There’s even a nice sequence when the hero’s oxygen tank is running out, as he’s trying to escape his captors underwater, where two fish swim together and both hit a vertical, invisible join and swim behind it so only the ends of their tails remain. Those two halves of juxtaposed tails have then formed a butterfly which flies away under the ocean... this flight of fancy used to underline that the character is hallucinating while running out of oxygen. Again, lovely stuff.

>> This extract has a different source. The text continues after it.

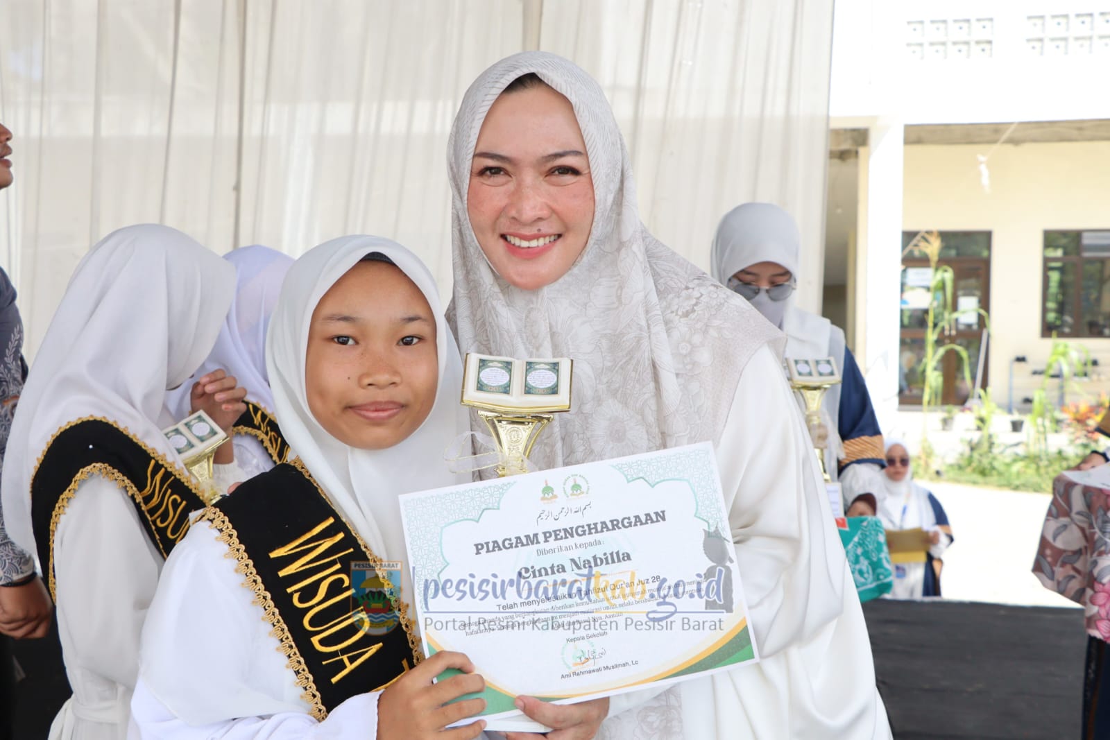 Turut hadir dalam kegiatan tersebut Ketua Tim Penggerak-Pemberdayaan Kesejahteraan Keluarga (TP-PKK), Dian Hardiyanti Dedi, S.ST., M.M., Kepala Dinas Pendidikan dan Kebudayaan (Disdikbud), Edwin Kastolani Burtha, S.H., M.P., Kepala Dinas Pemberdayaan Perempuan Perlindungan Anak dan Keluarga Berencana (DP3AKB), dr. Budi Wiyono, M.H., Plt. Kabag. Kesejahteraan Rakyat Sekretariat Pemkab Pesibar, Arfi Julizar, S.KM., M.M., pimpinan Maqwa IBS, Ustad. Yamin Mahdi, dan para wali murid serta santriwan santriwati.

Not much more for me to say about Invention For Destruction except that I wish these movies were better known over here because they’re perfect to catch children with at a certain age. I was totally blown away again by this one and Second Run have included some nice extras on here including two of Zeman’s short films. I’m really looking forward to seeing his 1962 film, The Fabulous Baron Munchausen next and the review of that one should be appearing here in a couple of days time. Meanwhile, if you’re a fan of cinema and the way live action and animated work can be combined effectively on screen, definitely check this one out sometime.